▶ **WORKING DATA**
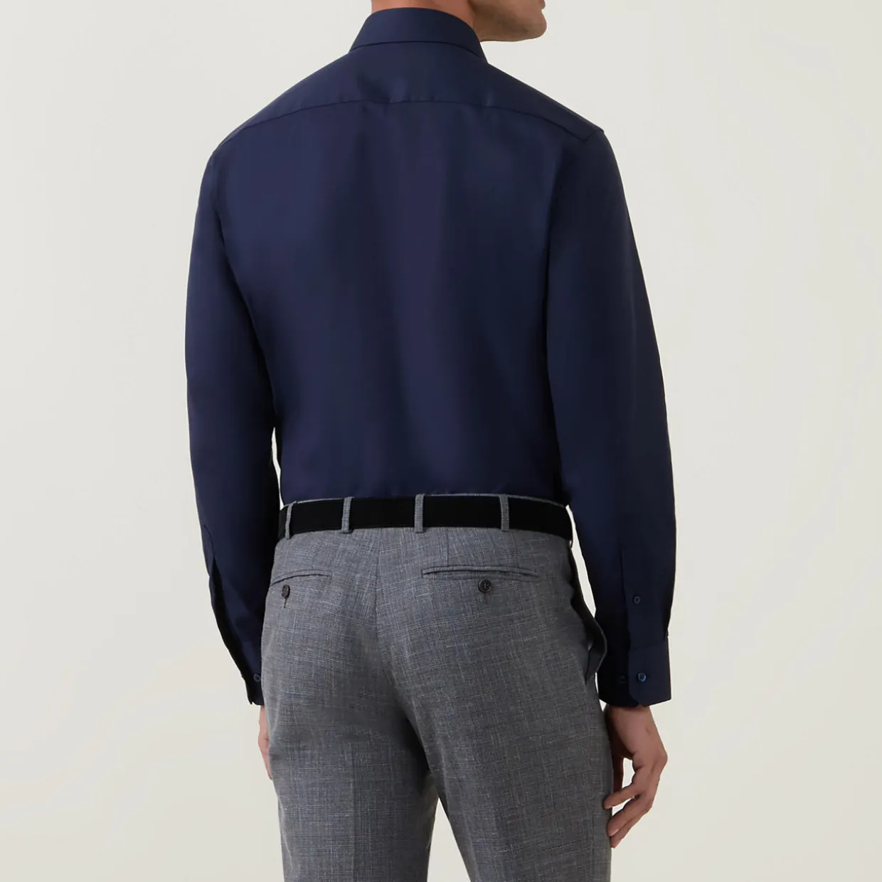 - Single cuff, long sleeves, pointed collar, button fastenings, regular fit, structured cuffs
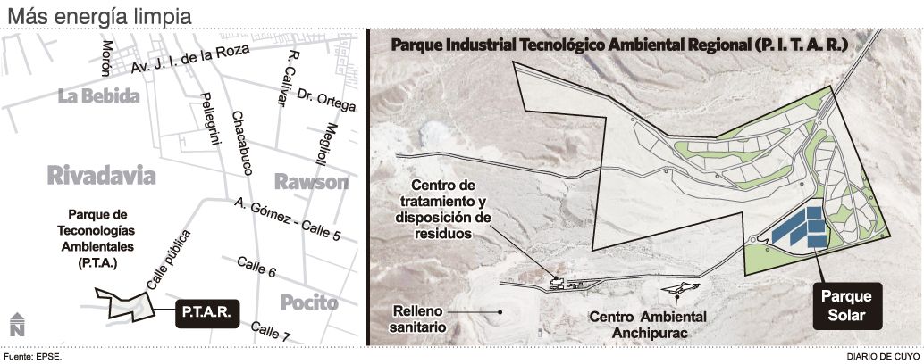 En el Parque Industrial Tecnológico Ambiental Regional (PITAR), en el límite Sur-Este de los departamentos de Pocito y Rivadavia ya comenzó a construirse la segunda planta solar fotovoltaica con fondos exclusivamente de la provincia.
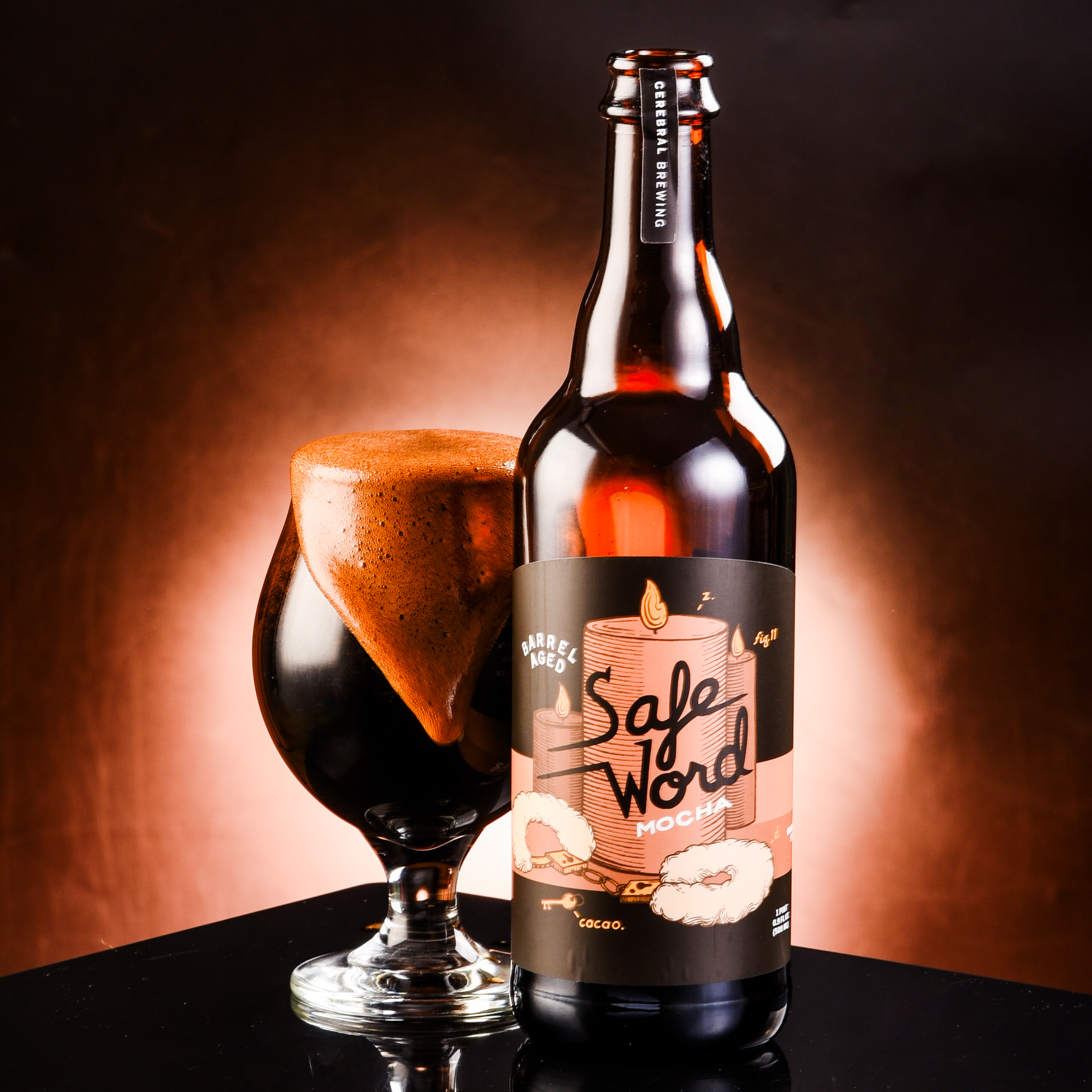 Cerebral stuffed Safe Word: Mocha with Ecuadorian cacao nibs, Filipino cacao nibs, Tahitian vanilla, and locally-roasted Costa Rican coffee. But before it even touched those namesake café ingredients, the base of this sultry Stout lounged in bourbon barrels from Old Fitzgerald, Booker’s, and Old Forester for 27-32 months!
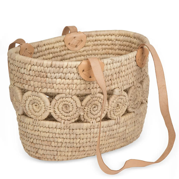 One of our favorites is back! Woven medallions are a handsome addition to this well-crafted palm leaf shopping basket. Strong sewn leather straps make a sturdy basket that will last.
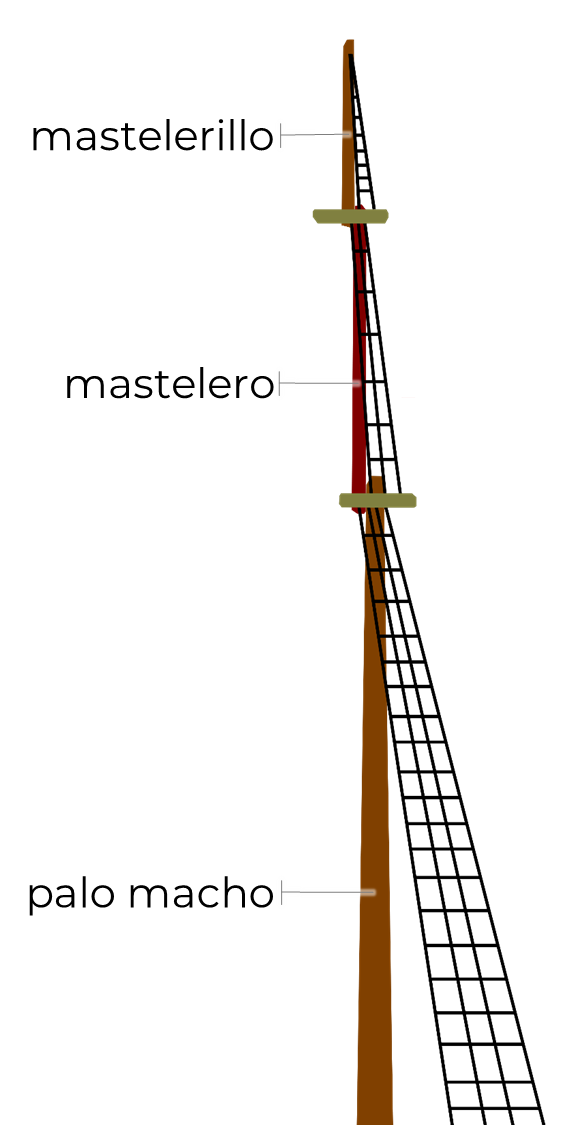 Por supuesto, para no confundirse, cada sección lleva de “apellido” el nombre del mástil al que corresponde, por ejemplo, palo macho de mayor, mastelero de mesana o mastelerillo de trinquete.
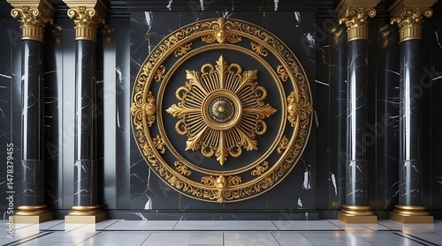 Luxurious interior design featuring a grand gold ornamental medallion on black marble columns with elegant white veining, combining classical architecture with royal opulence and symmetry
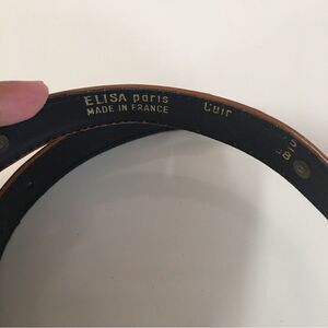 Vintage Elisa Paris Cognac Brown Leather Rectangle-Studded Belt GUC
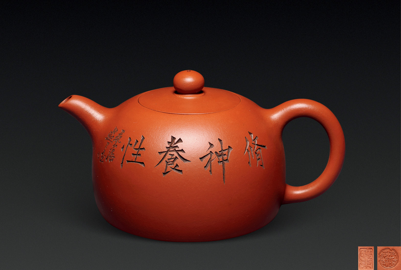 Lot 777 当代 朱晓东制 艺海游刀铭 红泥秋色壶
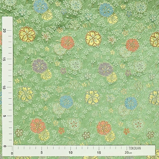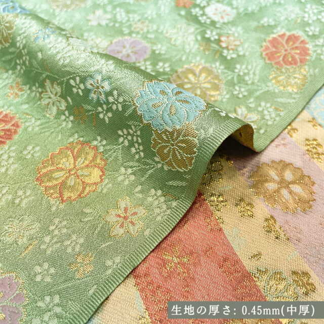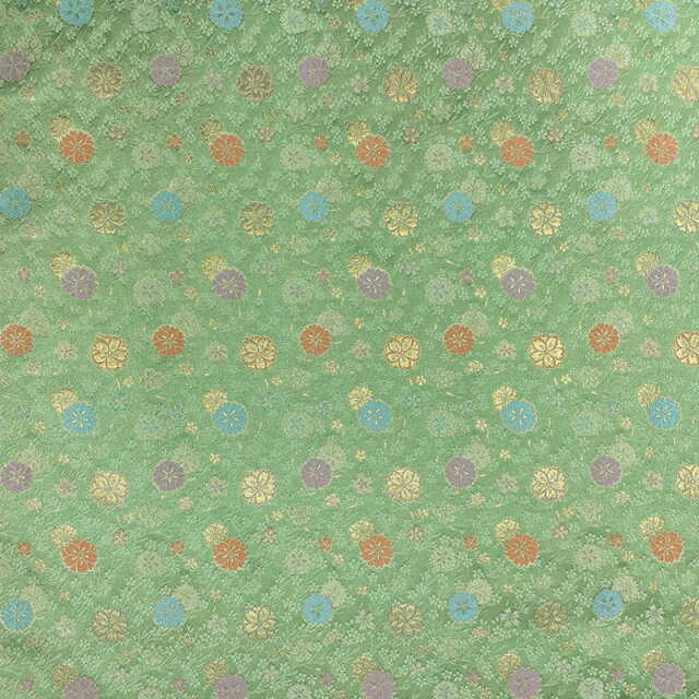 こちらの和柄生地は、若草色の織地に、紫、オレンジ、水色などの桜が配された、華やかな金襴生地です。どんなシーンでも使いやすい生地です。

* * *

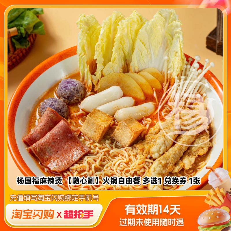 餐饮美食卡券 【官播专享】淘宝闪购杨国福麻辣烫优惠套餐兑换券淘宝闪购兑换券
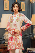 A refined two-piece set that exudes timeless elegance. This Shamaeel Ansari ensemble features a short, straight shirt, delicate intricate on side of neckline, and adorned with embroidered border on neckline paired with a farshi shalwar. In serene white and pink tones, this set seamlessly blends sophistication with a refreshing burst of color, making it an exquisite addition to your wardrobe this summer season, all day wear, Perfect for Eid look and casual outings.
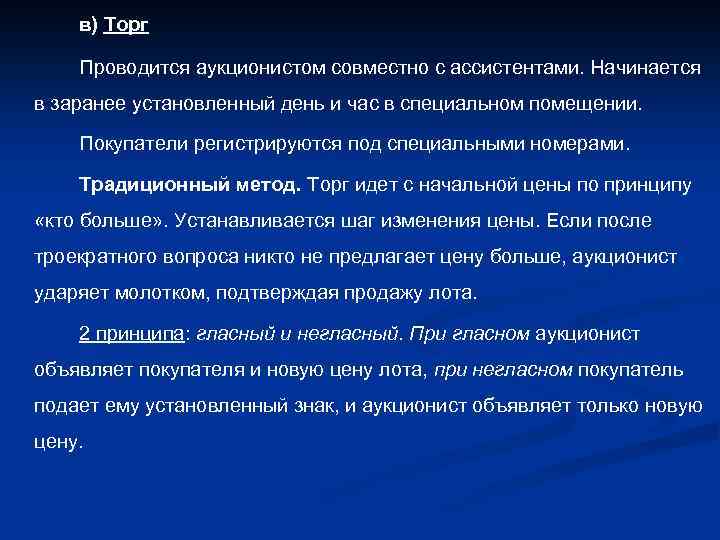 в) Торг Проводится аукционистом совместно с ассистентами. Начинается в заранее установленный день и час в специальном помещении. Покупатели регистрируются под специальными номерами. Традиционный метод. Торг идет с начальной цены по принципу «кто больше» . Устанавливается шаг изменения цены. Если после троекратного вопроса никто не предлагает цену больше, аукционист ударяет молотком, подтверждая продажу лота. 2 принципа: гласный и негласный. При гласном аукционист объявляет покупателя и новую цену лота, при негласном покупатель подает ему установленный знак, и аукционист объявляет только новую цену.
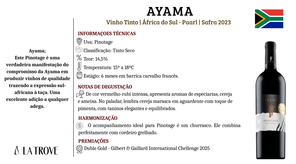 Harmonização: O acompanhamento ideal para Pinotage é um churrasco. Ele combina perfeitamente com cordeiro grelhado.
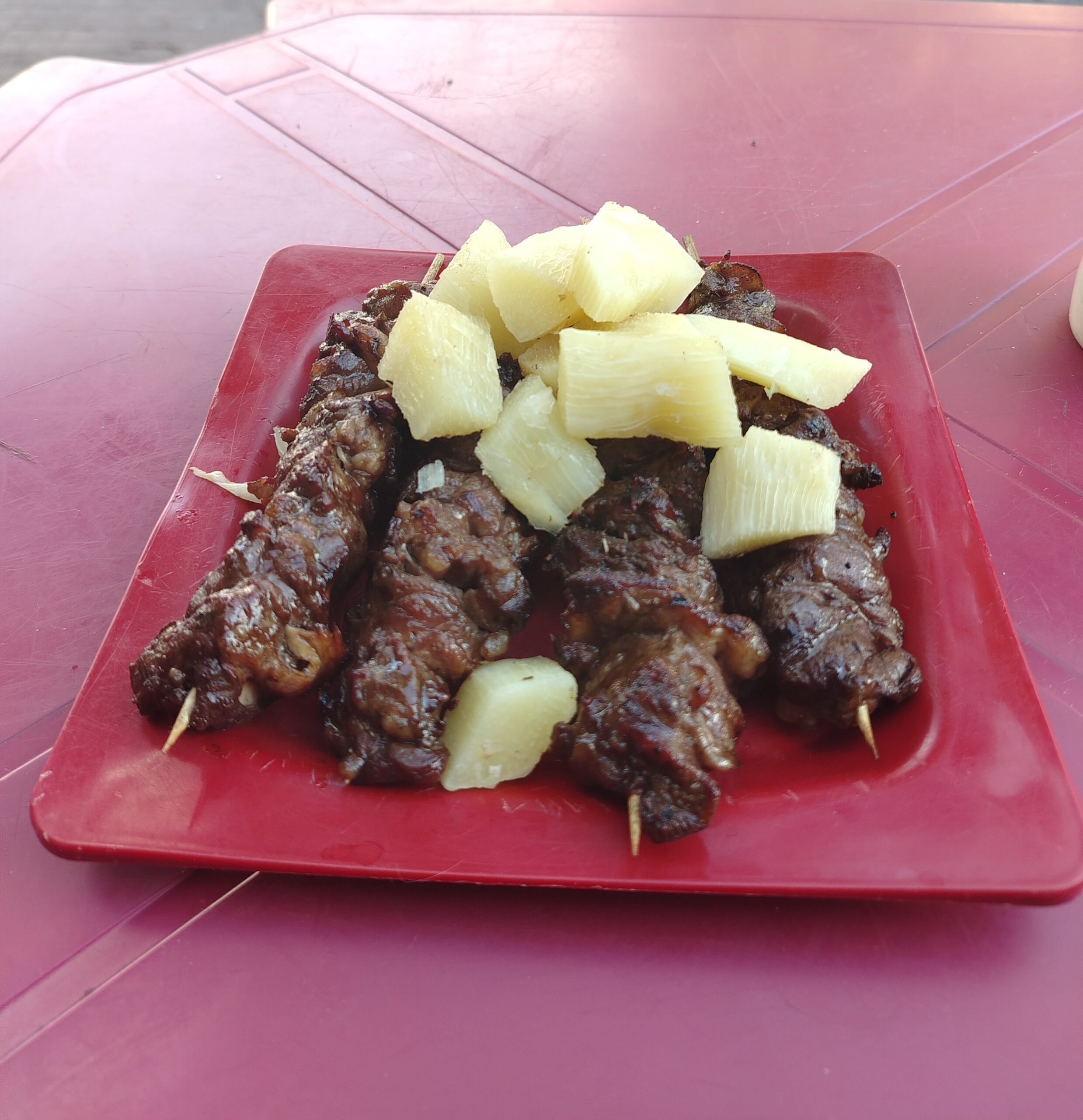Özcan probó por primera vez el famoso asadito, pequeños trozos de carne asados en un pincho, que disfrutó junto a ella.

---

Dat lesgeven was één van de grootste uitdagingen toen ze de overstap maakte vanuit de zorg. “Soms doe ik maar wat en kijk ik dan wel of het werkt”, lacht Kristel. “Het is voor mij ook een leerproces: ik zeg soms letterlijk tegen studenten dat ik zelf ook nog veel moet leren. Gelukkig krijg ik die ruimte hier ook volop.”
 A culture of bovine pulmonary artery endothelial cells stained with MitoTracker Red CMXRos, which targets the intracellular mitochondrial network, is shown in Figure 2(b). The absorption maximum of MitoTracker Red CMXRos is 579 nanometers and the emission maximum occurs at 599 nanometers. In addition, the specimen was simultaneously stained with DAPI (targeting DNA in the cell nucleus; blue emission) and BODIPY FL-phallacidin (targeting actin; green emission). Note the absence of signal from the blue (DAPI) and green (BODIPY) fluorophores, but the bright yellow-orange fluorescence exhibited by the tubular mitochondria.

▶ **WHAT IS REQUIRED**
From the entries above, copy exactly the lines starting at the one with "A refined two-piece" and stopping at the one with "Özcan probó por", keeping both ends. Drop the pictures.

▶ **YOUR SOLUTION**
 A refined two-piece set that exudes timeless elegance. This Shamaeel Ansari ensemble features a short, straight shirt, delicate intricate on side of neckline, and adorned with embroidered border on neckline paired with a farshi shalwar. In serene white and pink tones, this set seamlessly blends sophistication with a refreshing burst of color, making it an exquisite addition to your wardrobe this summer season, all day wear, Perfect for Eid look and casual outings.
 в) Торг Проводится аукционистом совместно с ассистентами. Начинается в заранее установленный день и час в специальном помещении. Покупатели регистрируются под специальными номерами. Традиционный метод. Торг идет с начальной цены по принципу «кто больше» . Устанавливается шаг изменения цены. Если после троекратного вопроса никто не предлагает цену больше, аукционист ударяет молотком, подтверждая продажу лота. 2 принципа: гласный и негласный. При гласном аукционист объявляет покупателя и новую цену лота, при негласном покупатель подает ему установленный знак, и аукционист объявляет только новую цену.
 Harmonização: O acompanhamento ideal para Pinotage é um churrasco. Ele combina perfeitamente com cordeiro grelhado.
Özcan probó por primera vez el famoso asadito, pequeños trozos de carne asados en un pincho, que disfrutó junto a ella.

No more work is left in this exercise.